[Supplied material — start]
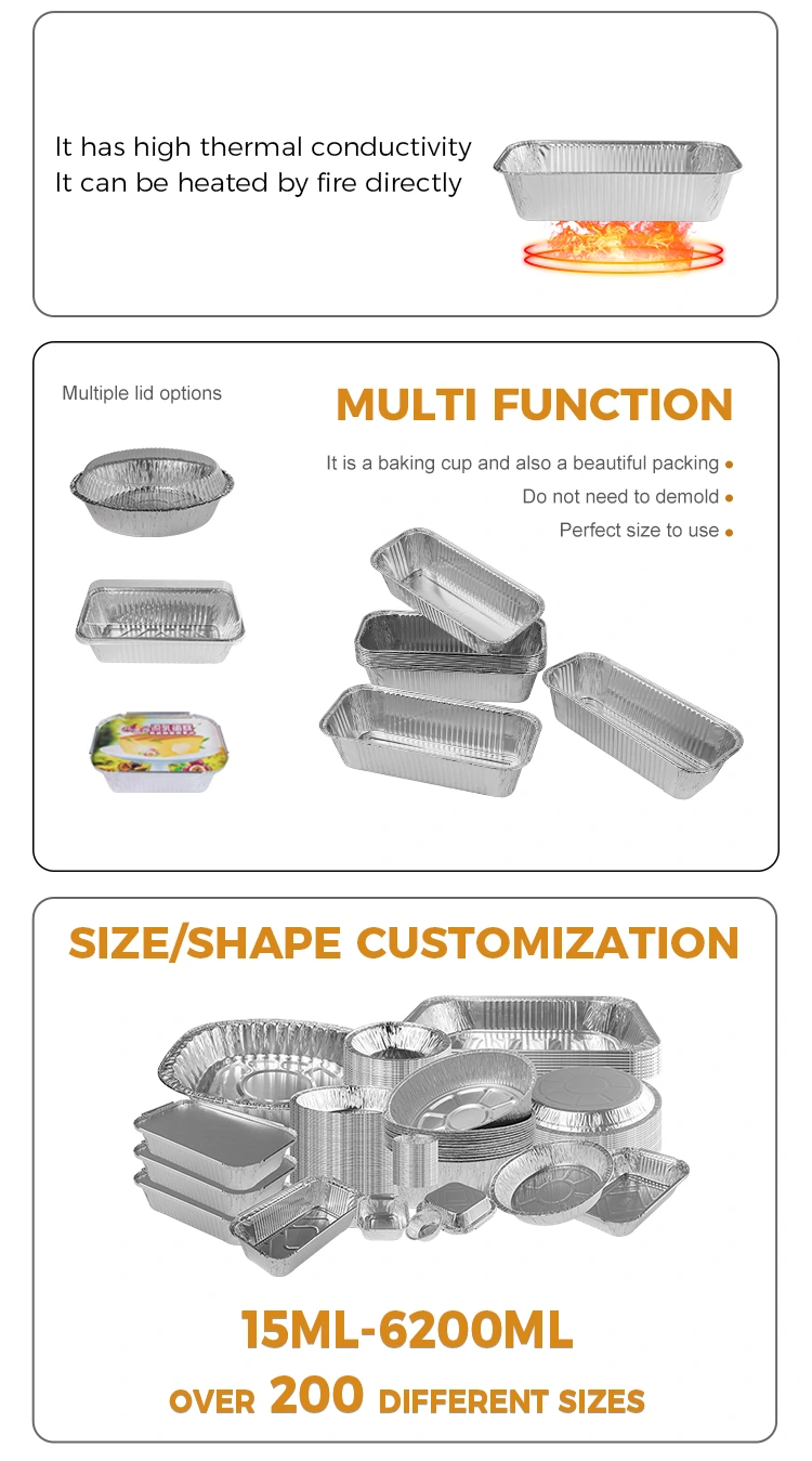 Yunchu alüminyum folyo tedarikçisi tarafından sağlanan 2325 dikdörtgen hava fritöz paket servisi gümüş folyo kabı, bir açık hava barbekü veya bir aile toplantısı olsun, çeşitli durumlar için uygundur. Tüccarlar desenleri özelleştirebilir ve ihtiyaçlarına göre yazdırabilir, bu kapları, açık alev ısıtma ve yağ lambası ısıtmayı destekleyen, ısıyı eşit olarak ileten, yiyeceklerin eşit olarak ısıtılmasını ve tavaya yapışmamasını sağlayan paket servisi olan paketleme için benzersiz bir seçim haline getirebilir. Hava fritözüne yerleştirildiğinde bile hemen kullanılabilir ve alttaki içbükey ve dışbükey tasarımı sürtünmeyi arttırır ve kaymayı önler. Yanlardaki takviyeler ürünün sağlamlığını arttırırken, hemming tasarımı kapakta rahat bir uyum sağlar ve yiyeceklerin sıcaklığında etkili bir şekilde kilitlenir.
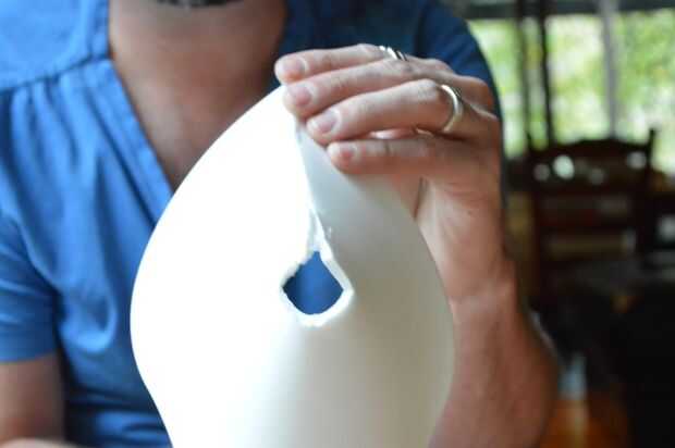 4. el cabeza hasta tener una sección puntiaguda en la parte superior y esta corte. No tienes que hacer esto si usted está usando un sombrero que será cubierto.
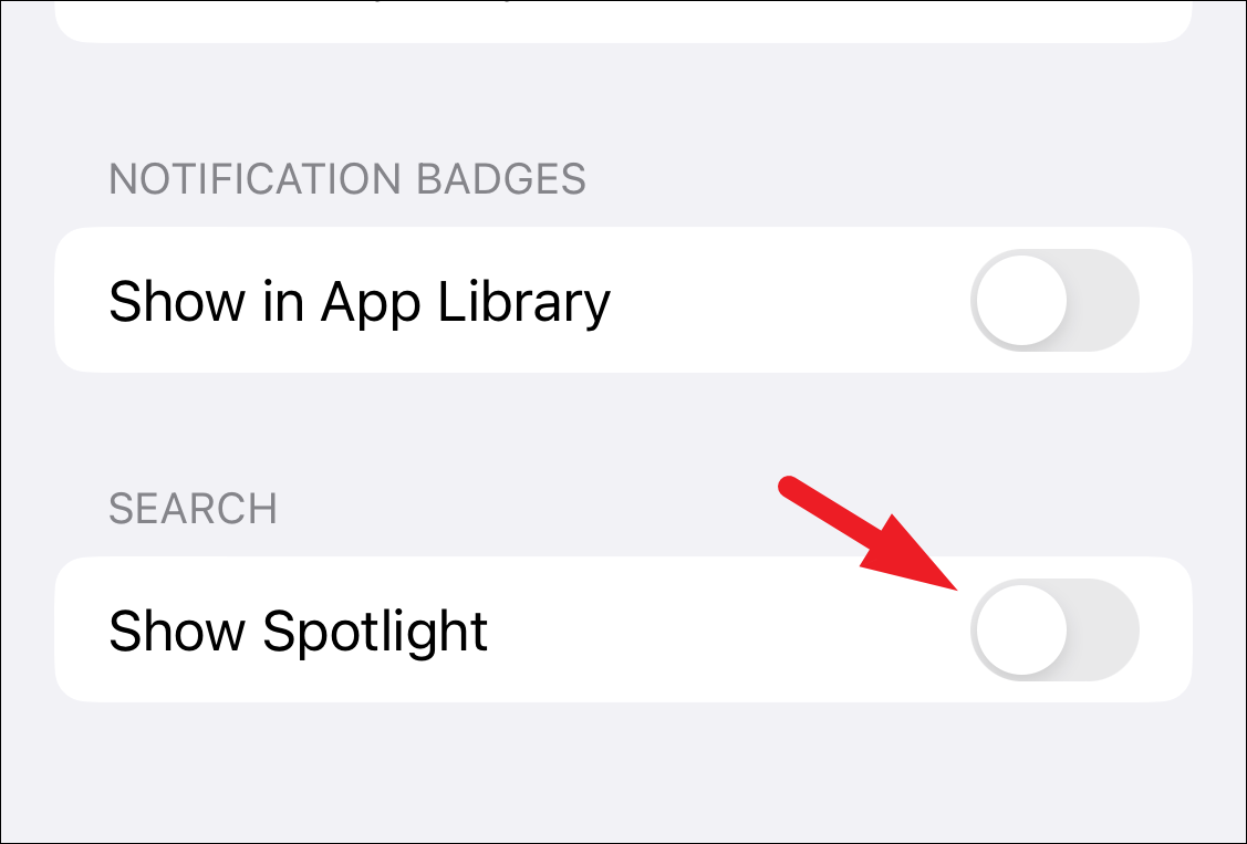From the Home Screen settings, locate the ‘Show Spotlight’ option present under the ‘Search’ section and tap on the toggle switch next to it to bring it to the ‘Off’ position.
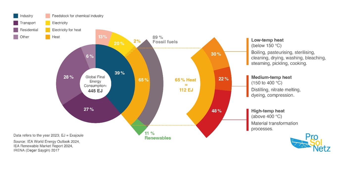 A collector field heats a process fluid by means of solar radiation and a heat exchanger transfers this heat to a supply system or production process in the factory as hot water, air flow or steam. Storage units make it possible to use the generated heat at night-time.
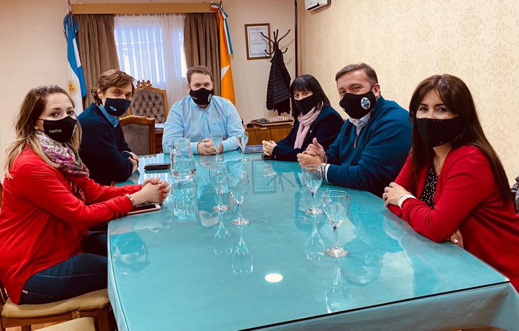 Río Grande.- Este miércoles en el despacho de la Presidencia, el titular del Concejo Deliberante Raúl von der Thusen, junto a los ediles Pablo Llancapani, y Cintia Susñar, recibieron a los Legisladores del bloque de la UCR Liliana Martínez Allende, y Federico Sciurano, y a la presidente del Comité Local Río Grande Andrea Rodríguez, con quienes dialogaron sobre las políticas llevada adelante en medio de la pandemia del coronavirus, la deuda de coparticipación, como así también en relación a la cuestión de género.
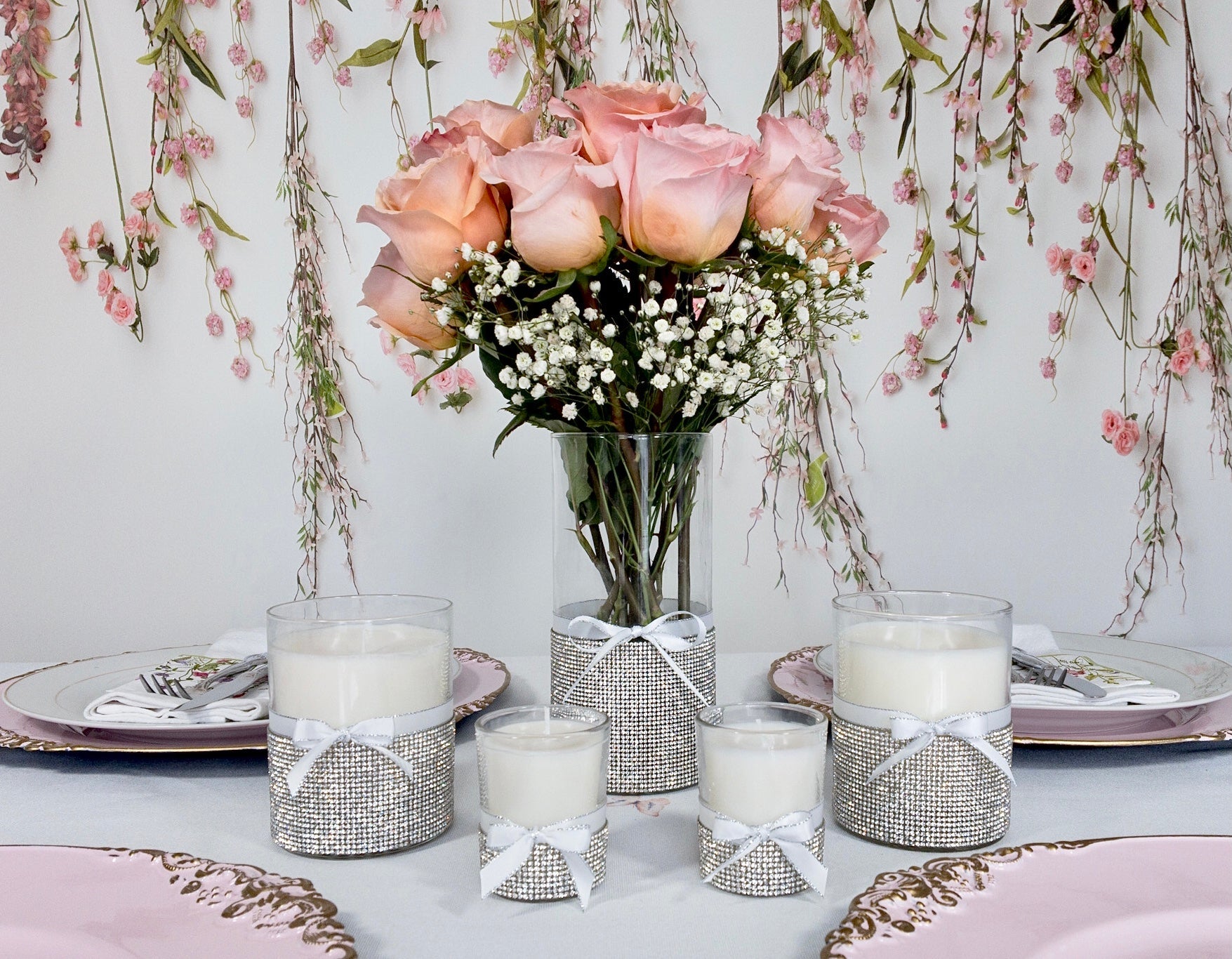 When your event calls for a fun sparkly attire the Twinkling Lights collection is the perfect compliment to any table setting. This votive unscented candle I handcrafted with the most luxurious crème wax made of a vegan blend of coconut and soy wax. A beautiful natural iridescent pearlescent mica powder is gently mixed in to give off a beautiful shimmery sparkle while the candle is burning and the glass vessel has a beautiful silver rhinestone bottom that I have hand placed on with a white satin ribbon with silver edges hand tied to complete the look. Sit back and enjoy it's beautiful glow and sparkle.
[Supplied material — finish]
Task goal ▸
Repeat the lines above, starting at the first and stopping after the line that holds "From the Home", with the pictures left out.

Result below ▸
 Yunchu alüminyum folyo tedarikçisi tarafından sağlanan 2325 dikdörtgen hava fritöz paket servisi gümüş folyo kabı, bir açık hava barbekü veya bir aile toplantısı olsun, çeşitli durumlar için uygundur. Tüccarlar desenleri özelleştirebilir ve ihtiyaçlarına göre yazdırabilir, bu kapları, açık alev ısıtma ve yağ lambası ısıtmayı destekleyen, ısıyı eşit olarak ileten, yiyeceklerin eşit olarak ısıtılmasını ve tavaya yapışmamasını sağlayan paket servisi olan paketleme için benzersiz bir seçim haline getirebilir. Hava fritözüne yerleştirildiğinde bile hemen kullanılabilir ve alttaki içbükey ve dışbükey tasarımı sürtünmeyi arttırır ve kaymayı önler. Yanlardaki takviyeler ürünün sağlamlığını arttırırken, hemming tasarımı kapakta rahat bir uyum sağlar ve yiyeceklerin sıcaklığında etkili bir şekilde kilitlenir.
 4. el cabeza hasta tener una sección puntiaguda en la parte superior y esta corte. No tienes que hacer esto si usted está usando un sombrero que será cubierto.
From the Home Screen settings, locate the ‘Show Spotlight’ option present under the ‘Search’ section and tap on the toggle switch next to it to bring it to the ‘Off’ position.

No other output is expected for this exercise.